MiCADangelo: Fine-Grained Reconstruction of Constrained CAD Models from 3D Scans¶
Conference: NeurIPS 2025 arXiv: 2510.23429 Code: None Area: Other Keywords: CAD reverse engineering, sketch constraints, cross-sectional slicing, differentiable extrusion optimization, parametric modeling
TL;DR¶
MiCADangelo emulates the reverse engineering workflow of human CAD designers: it extracts 2D patterns via multi-plane cross-section analysis, predicts constrained parametric sketches, and optimizes extrusion parameters, achieving for the first time complete parametric model reconstruction with sketch constraints in 3D CAD reverse engineering.
Background & Motivation¶
CAD reverse engineering—converting 3D scans (meshes) into parametric CAD models—is a critical step in manufacturing and product development. Existing deep learning methods fall into two categories, each with notable shortcomings:
Bottom-up methods (e.g., Point2Cyl): Starting from geometry to predict individual extrusion solids, preserving local detail, but producing outputs that are not fully parametric and cannot be seamlessly integrated into CAD software.

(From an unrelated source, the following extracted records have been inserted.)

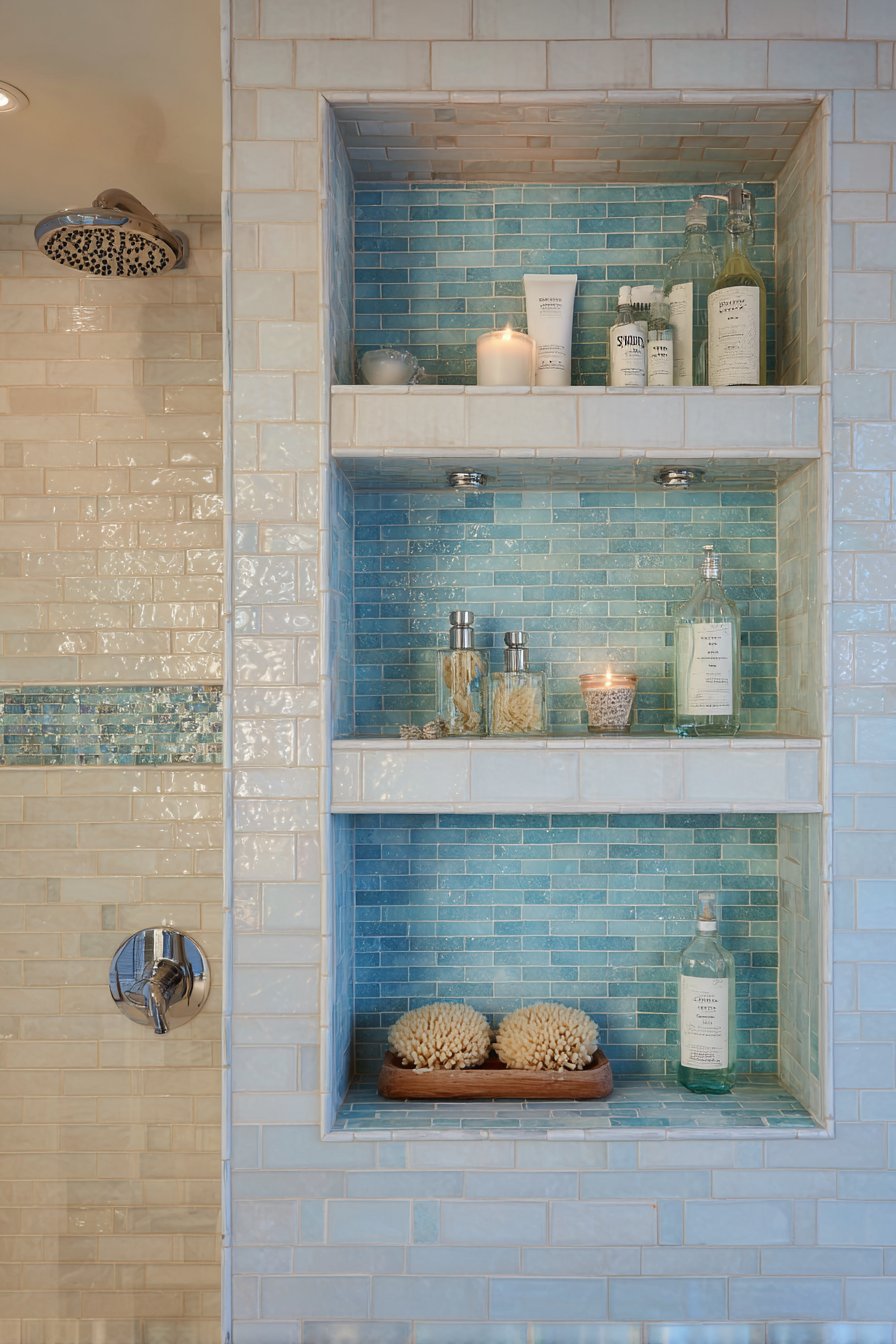 - Build storage into the shower walls during construction to avoid aftermarket additions that protrude into the bathing area
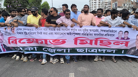সোমবার আশুলিয়ার পল্লীবিদ্যুৎ এলাকা থেকে এ বিক্ষোভ মিছিল করেন তারা। বিক্ষোভ মিছিলটি পলাশবাড়ী ও নবীনগর এলাকা প্রদক্ষিণ করে যথাস্থানে এসে সমাবেত হয়। সেখানে এক সংক্ষিপ্ত সমাবেশের আয়োজন করা হয়। ঢাকা জেলা ছাত্রদলের সাবেক যুগ্ম আহবায় মো: সাজ্জাদ হোসেন আদরের নেতৃত্বে এতে অংশগ্রহণ করেন, ঢাকা জেলা ছাত্রদলের যুগ্ম- আহবায়ক হামিদুর রহমান সাদ্দাম সহ অন্যান্য নেতাকর্মীরা।
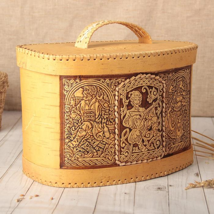 Хлебница «Скоморохи», на шарнирах, с ручкой, 23×27×20 см, береста
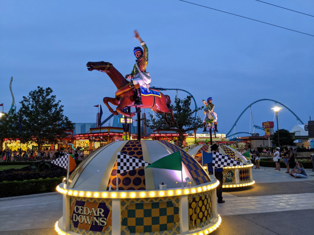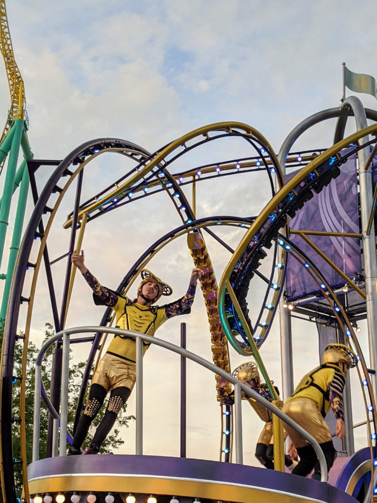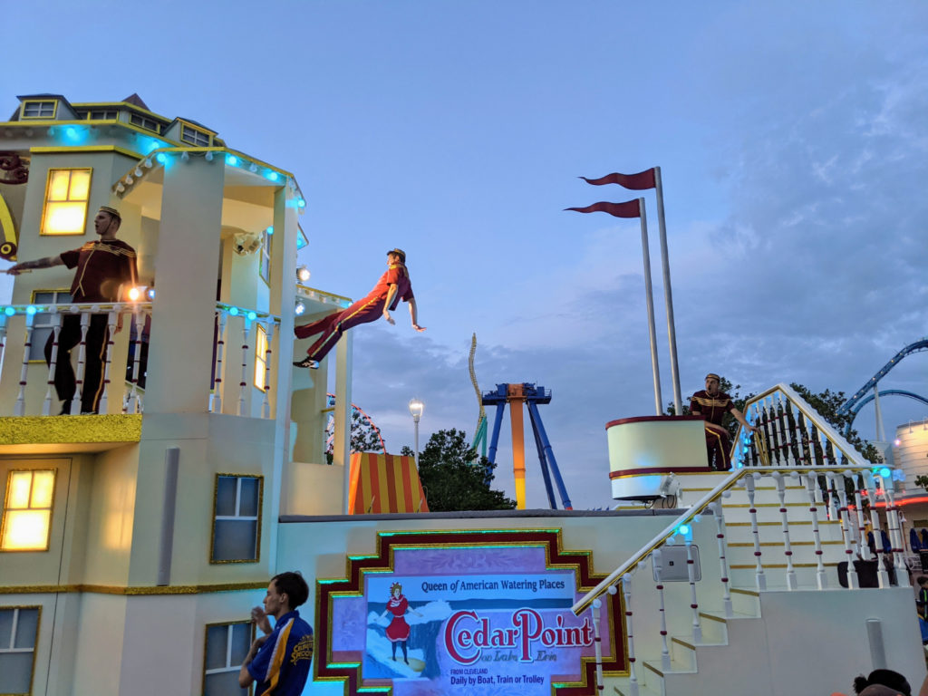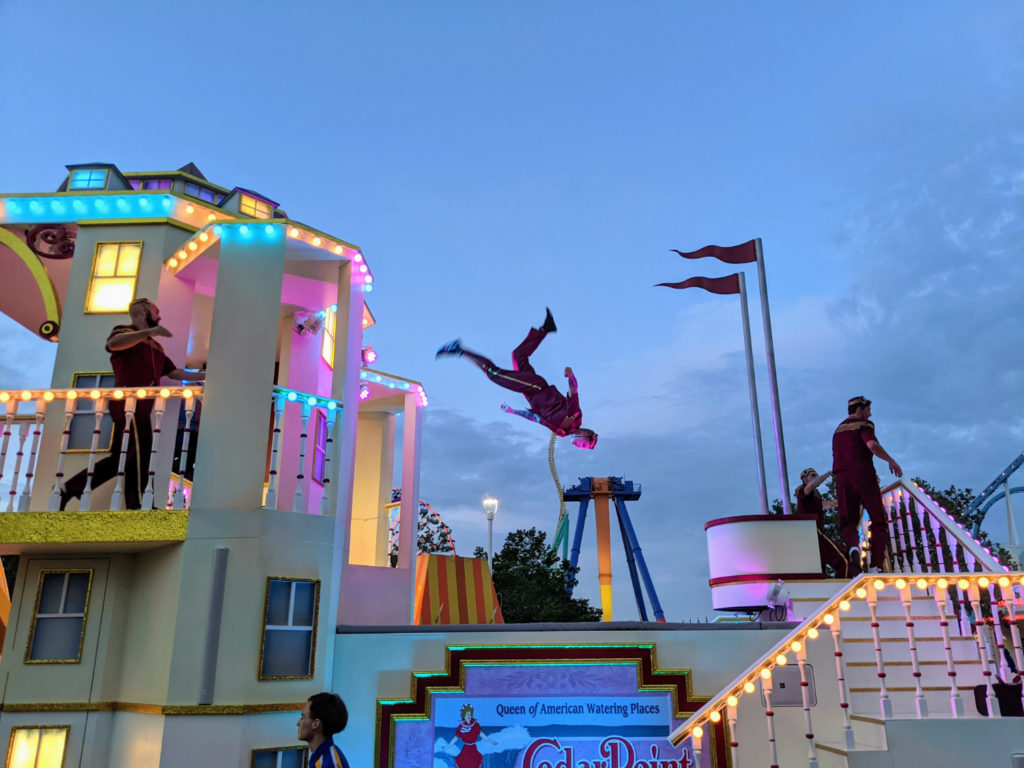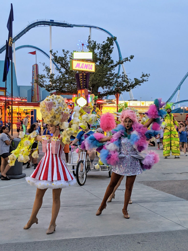 The most spectacular live entertainment was the anniversary offerings. The parade was a lot of fun, celebrating the history of Cedar Point with lots of moving parts, action, and cast members who interact with the audience. I really enjoyed the trampoline bellhops on The Breakers Hotel float. And another dedicated to roller coasters had inline skaters swooping all over it and around the float itself. The most unfortunate part of it (in my opinion) were the periodic dance breaks. Even on busy days, there just weren’t *that* many people watching the parade at any given time, so the actors mostly danced with themselves. I liked that I could walk up and watch it without having to stake out a spot ahead of time.
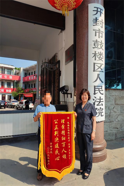 中新河南網(wǎng)6月14日電:鮮紅的錦旗,真誠的感謝,是人民群眾對法院工作最好的肯定!6月13日一早,當(dāng)事人王某將一面寫有“理案精細(xì)萬人頌,公正判決暖民心” 字樣的錦旗送到開封市鼓樓區(qū)人民法院趙麗法官手中,向她表達(dá)了內(nèi)心的感激之情。
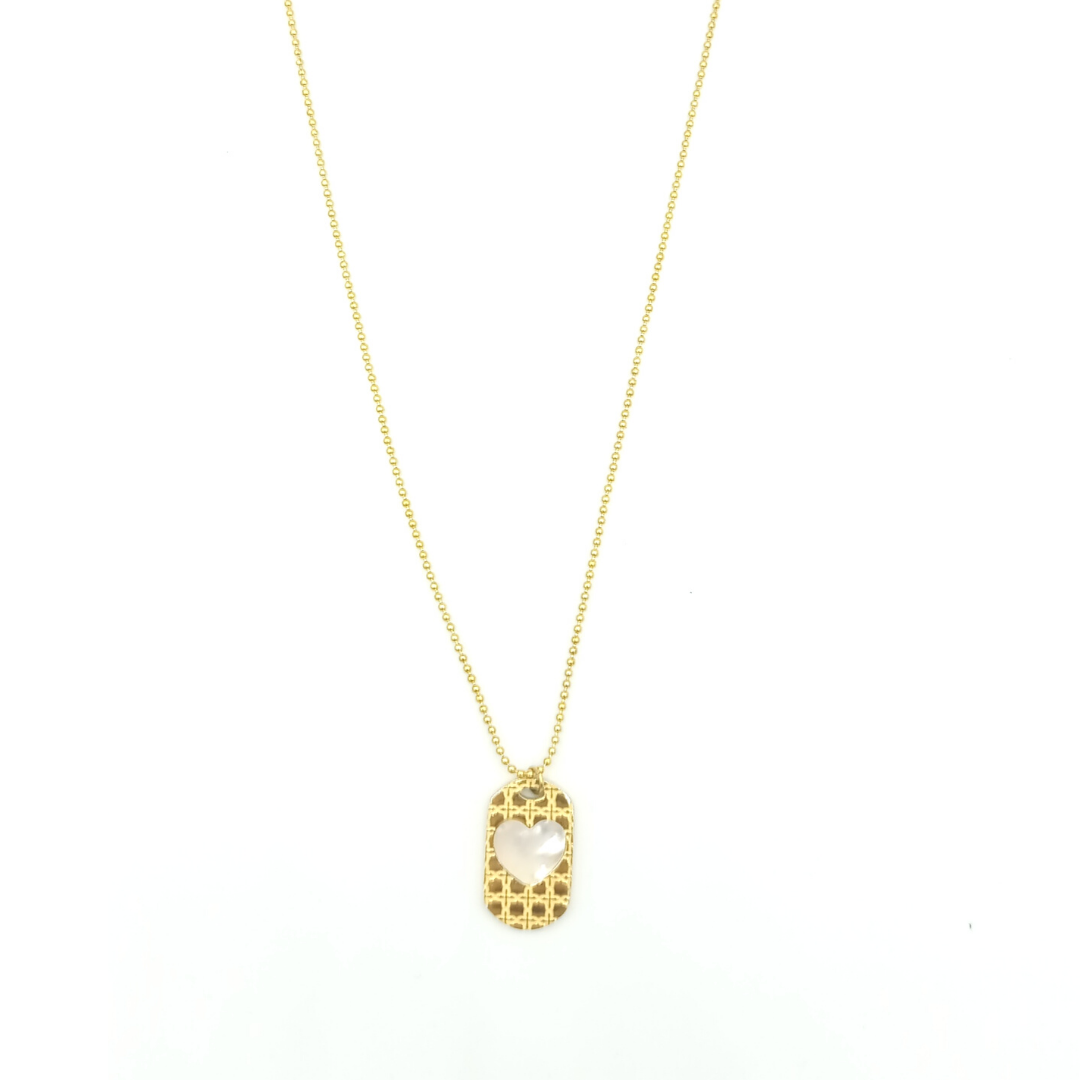 Κολιέ με στοιχείο άσπρη καρδούλα ,σε πλακέτα, σε  χρώμα χρυσό. Κατασκευασμένο από ανοξείδωτο ατσάλι.

Top-down methods (e.g., CAD-SIGNet): Directly predicting sketch-extrusion sequence parameters from point clouds, yielding fully parametric outputs, but often dominated by large-scale structures at the expense of fine-grained geometric detail.
More critically, existing methods entirely ignore sketch constraints (e.g., parallel, perpendicular, tangent), which are central to CAD modeling—they encode design intent and govern how a model responds to edits.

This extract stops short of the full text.